(Dataset entries)
++++

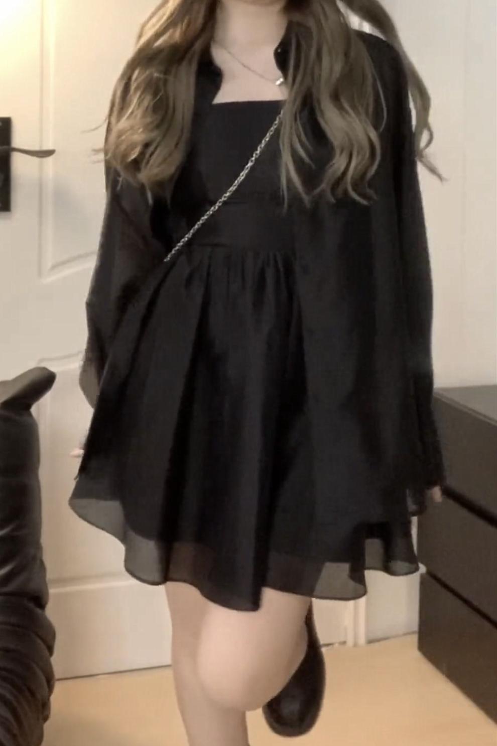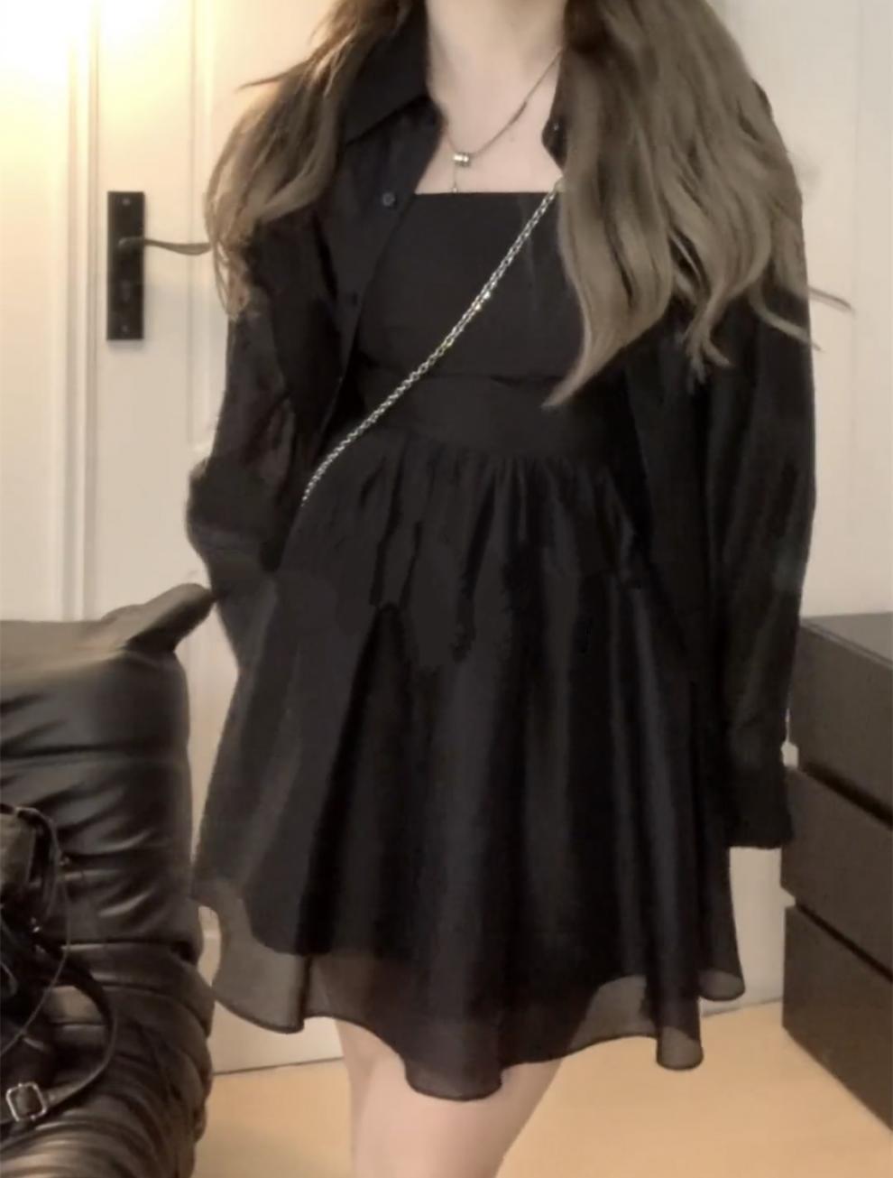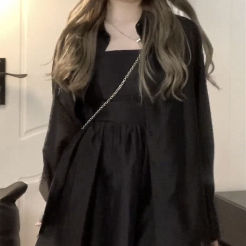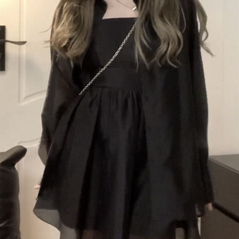 플러스 사이즈 통통한 게으른 패션 세트 봄과 여름 긴 소매 선스크린 셔츠 슬링 스커트 슬림 2 피스 세트
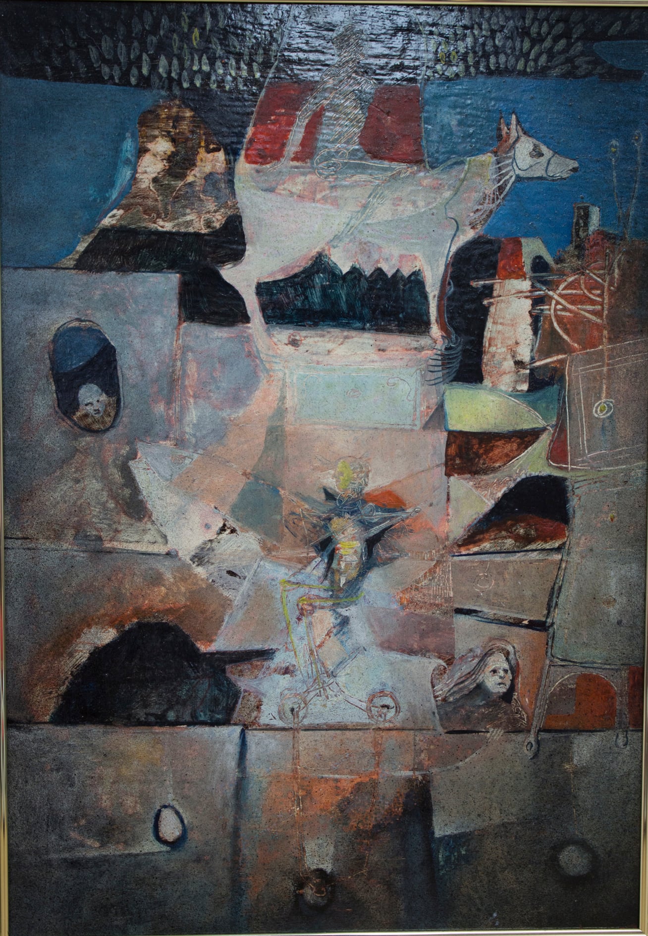 Por ejemplo, el Museo de Arte Costarricense (MAC) tiene en su acopio los óleos Presagios de guerra (1966) y Sociedad de consumo (1980).
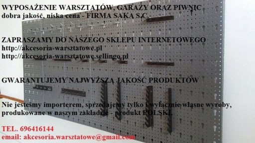 DOSTĘPNE RÓWNIEŻ INNE AKCESORIA WYPOSAŻENIA WARSZTATÓW, GARAŻY, PIWNIC (UCHWYTY NA KLUCZE OCZKOWE, PŁASKIE, MŁOTKI, PUSZKI / SPRAYE, WKRĘTAKI, PILNIKI, ZAWIESZKI DRUCIANE ORAZ WIELE INNYCH).
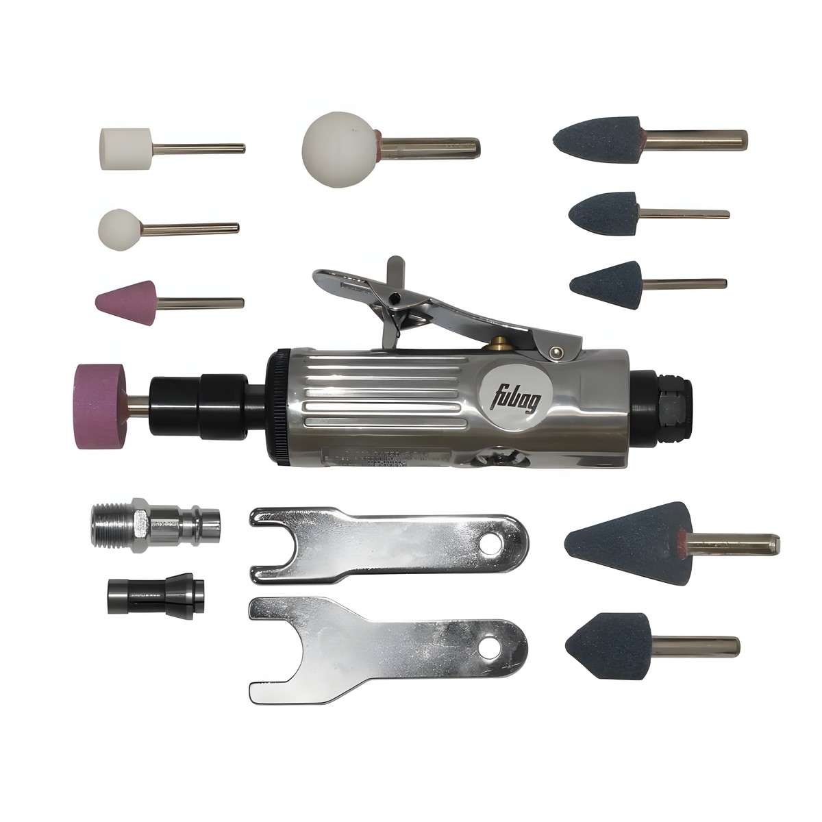 В комплект набора входит: пневмошлифмашина, 2 гаечных ключа, 5 камней 3 мм, 5 камней 6 мм, 1 цанга 3 мм, 1 штуцер, 1 цанга 6 мм
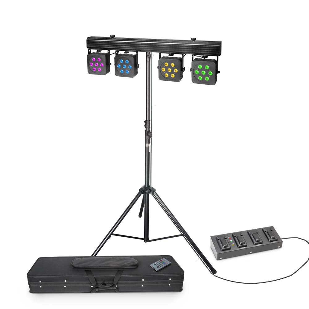 Set di proiettori a 28 LED a quattro colori da 8 W con valigetta di trasporto, pedaliera a 4 pedali e treppiede

++++

Write out the data above exactly, minus any images.

Response to this exercise ▸
 플러스 사이즈 통통한 게으른 패션 세트 봄과 여름 긴 소매 선스크린 셔츠 슬링 스커트 슬림 2 피스 세트
 Por ejemplo, el Museo de Arte Costarricense (MAC) tiene en su acopio los óleos Presagios de guerra (1966) y Sociedad de consumo (1980).
 DOSTĘPNE RÓWNIEŻ INNE AKCESORIA WYPOSAŻENIA WARSZTATÓW, GARAŻY, PIWNIC (UCHWYTY NA KLUCZE OCZKOWE, PŁASKIE, MŁOTKI, PUSZKI / SPRAYE, WKRĘTAKI, PILNIKI, ZAWIESZKI DRUCIANE ORAZ WIELE INNYCH).
 В комплект набора входит: пневмошлифмашина, 2 гаечных ключа, 5 камней 3 мм, 5 камней 6 мм, 1 цанга 3 мм, 1 штуцер, 1 цанга 6 мм
 Set di proiettori a 28 LED a quattro colori da 8 W con valigetta di trasporto, pedaliera a 4 pedali e treppiede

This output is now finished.